■ **Task**
Would you please return the lines of the entries below starting at the line that has "Fergus Hay, the" and ending at the line that has "10月17日,创新实践研究生", both included, exactly as they are?

■ **Listed entries**
◆ ◆ ◆ ◆

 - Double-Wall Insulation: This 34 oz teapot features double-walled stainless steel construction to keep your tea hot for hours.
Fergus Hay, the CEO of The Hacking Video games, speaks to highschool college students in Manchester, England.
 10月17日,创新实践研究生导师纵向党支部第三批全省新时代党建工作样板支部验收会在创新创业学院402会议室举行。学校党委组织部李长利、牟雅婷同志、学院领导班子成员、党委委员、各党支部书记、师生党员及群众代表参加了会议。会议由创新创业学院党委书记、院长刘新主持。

◆ ◆ ◆ ◆

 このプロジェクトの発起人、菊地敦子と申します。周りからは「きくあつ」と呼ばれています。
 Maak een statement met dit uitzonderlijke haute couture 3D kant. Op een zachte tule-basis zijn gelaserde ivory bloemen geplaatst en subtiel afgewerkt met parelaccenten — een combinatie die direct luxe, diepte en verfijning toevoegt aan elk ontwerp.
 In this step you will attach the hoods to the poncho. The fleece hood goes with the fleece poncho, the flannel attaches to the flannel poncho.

◆ ◆ ◆ ◆

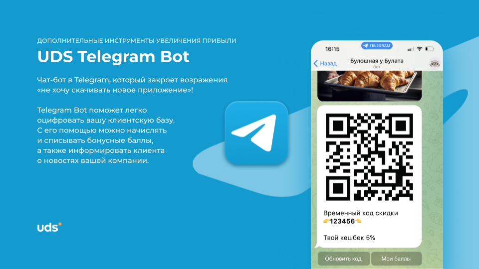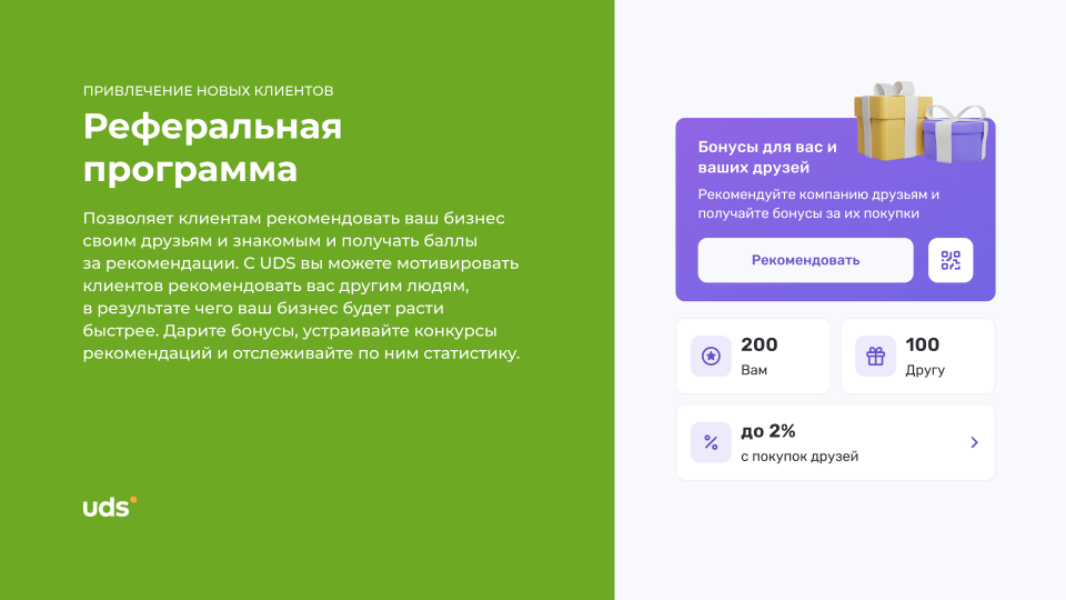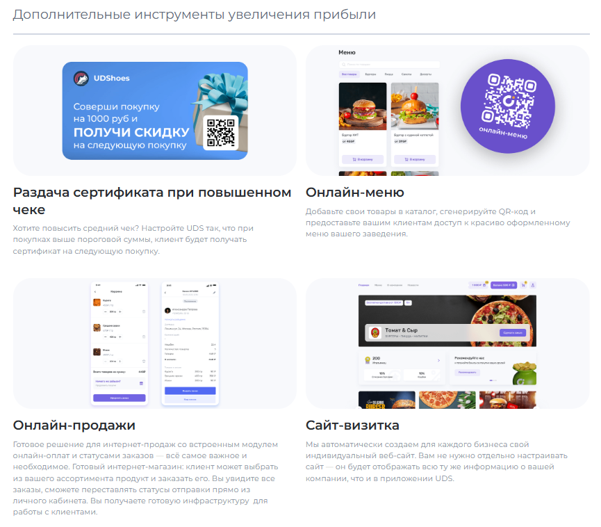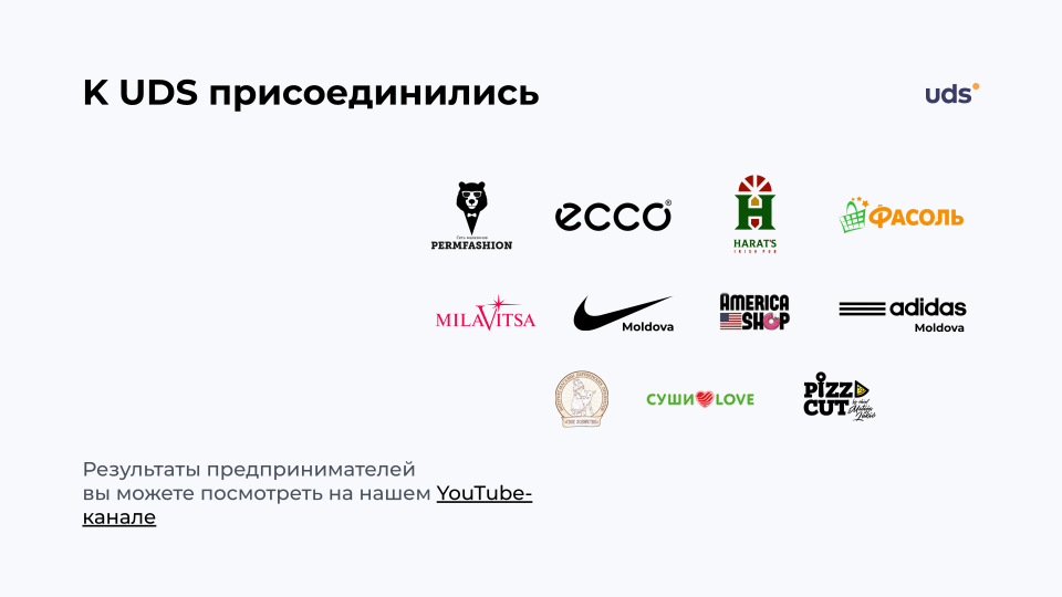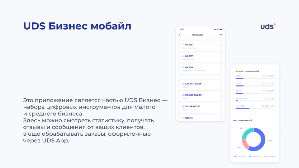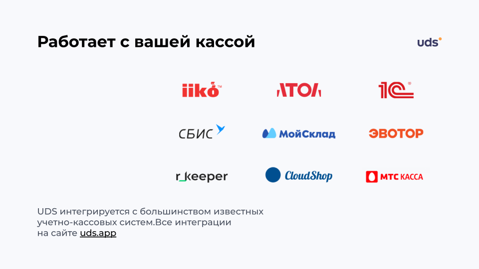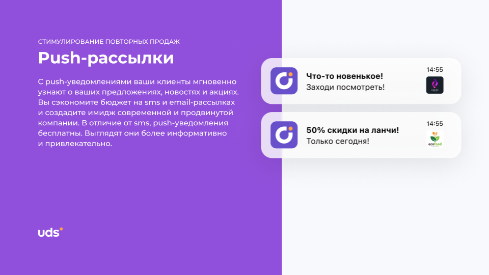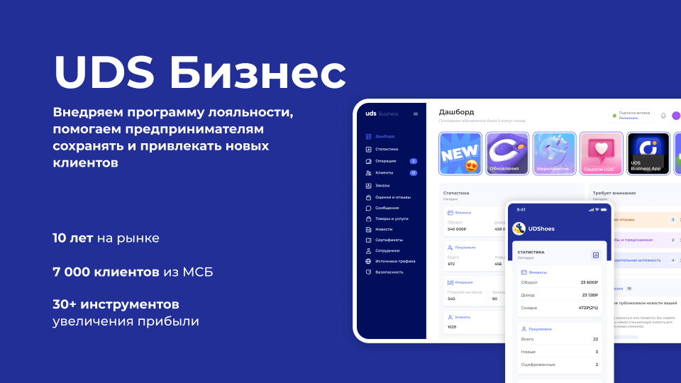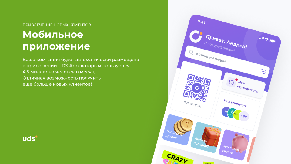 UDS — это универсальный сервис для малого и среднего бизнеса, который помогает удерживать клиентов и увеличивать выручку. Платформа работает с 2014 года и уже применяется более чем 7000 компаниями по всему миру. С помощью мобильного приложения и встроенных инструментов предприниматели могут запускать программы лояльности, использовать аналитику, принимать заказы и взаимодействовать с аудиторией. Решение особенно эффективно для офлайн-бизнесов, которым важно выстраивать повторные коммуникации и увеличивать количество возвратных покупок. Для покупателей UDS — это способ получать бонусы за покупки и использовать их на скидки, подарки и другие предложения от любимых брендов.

◆ ◆ ◆ ◆

■ **Response below**
Fergus Hay, the CEO of The Hacking Video games, speaks to highschool college students in Manchester, England.
 10月17日,创新实践研究生导师纵向党支部第三批全省新时代党建工作样板支部验收会在创新创业学院402会议室举行。学校党委组织部李长利、牟雅婷同志、学院领导班子成员、党委委员、各党支部书记、师生党员及群众代表参加了会议。会议由创新创业学院党委书记、院长刘新主持。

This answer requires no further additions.